Она встала, сунула ноги в тапки и, переваливаясь с ноги на ногу, пошла на кухню в ночной сорочке, на ходу закручивая волосы в клубок.
Павел Алексеевич тоже встал и, поприжав ещё правую пятку к полу, подошёл к окну и отдёрнул шторы. Ещё слабый утренний свет заполнил спальню.
- Теперь уже скоро. И чего она всю неделю зовёт меня к себе? Надо съездить, проведать. Да и на разъезд заскочить не мешало бы, десять лет там не был. …Может и попрощаться, а то могу и не успеть. …Теперь-то скоро. Даа…
Из кухни раздался голос жены,
- Паша, ты что не идёшь? Чай стынет.
Павел Алексеевич вздохнул и поплёлся на кухню.
- Даа… Теперь уже скоро.
- Ты чего там бормочешь?
- Это я так. Сам с собой.
Чай пили молча. Да и что разговаривать, пятьдесят лет вместе, наговорились, а ещё сон этот снова. И чего мать зовёт? Верно, пора уже? Да, пожалуй. Даа… Сегодня же надо проведать. Сегодня же…
Звук упавшей ложки прервал его тяжкие мысли, и он вздрогнул.
- Ты чего, мать?
- Извини, пальцы не держат.
- Ты вот что, Маша, мне бы надо на могилу матери съездить, так ты приготовь белую рубашку.

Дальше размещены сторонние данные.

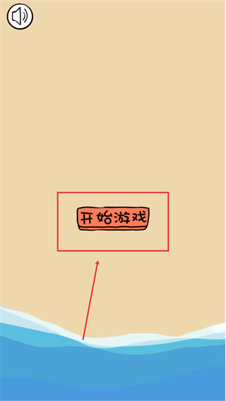 1、點(diǎn)擊位于中央的紅框按鈕【開始游戲】即可開始冒險(xiǎn),左上角的【喇叭圖標(biāo)】用于控制音量。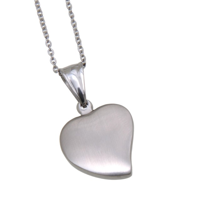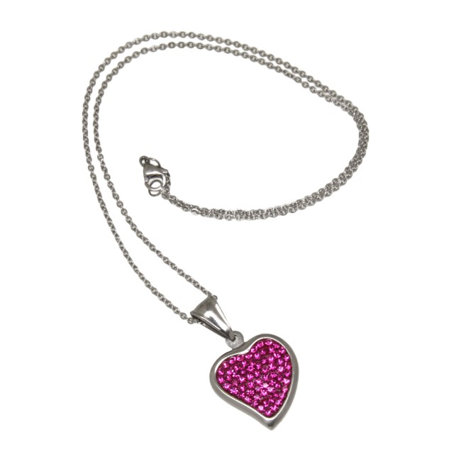 Heart-shaped pendant made of stainless steel with pink crystals - Material: satin stainless steel - Size: 18x19mm without eyelet - The front is completely set with pink crystals - Includes a 45cm long anchor chain with a lobster clasp - Supplied in a jewelry box Engraved on the back, the Pendant for a personal gift.

- На какую могилку? Мы же сегодня к Ирине идём, внуки ждут. Пройдёт праздник и съездишь.
- Ждут они, как же! Подарков и денег они твоих ждут. За целый месяц ни разу не позвонили. Ждут.

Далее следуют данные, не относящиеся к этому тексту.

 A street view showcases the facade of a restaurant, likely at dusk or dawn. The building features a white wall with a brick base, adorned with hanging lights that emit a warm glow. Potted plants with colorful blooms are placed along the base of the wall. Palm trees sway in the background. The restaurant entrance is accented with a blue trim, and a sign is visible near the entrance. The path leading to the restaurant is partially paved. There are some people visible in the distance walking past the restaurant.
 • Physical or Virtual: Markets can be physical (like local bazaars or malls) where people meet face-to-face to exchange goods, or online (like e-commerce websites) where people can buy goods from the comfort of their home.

- Так они же заняты, работают, учатся.
- А что, в воскресный день не могут стариков навестить? Не могут? Заняты? Только мы всё к ним ездим и ездим, всё что-то тянем им.
- Так дети это наши, Паша.
- Дети? А я… Ладно, ты поезжай, а я к матери. Ждёт она меня. К себе звала.
- О, Господи! Как же ты один собрался ехать? Давай после праздника?
- Нет, Маша, мне сегодня надо.
- Как же я тебя одного отпущу, Паша?
- Не Паша я.
- Чего «не Паша»?
- Не Паша. Пётр. Пётр Алексеевич Колесов. А не Павел Алексеевич Бойцов.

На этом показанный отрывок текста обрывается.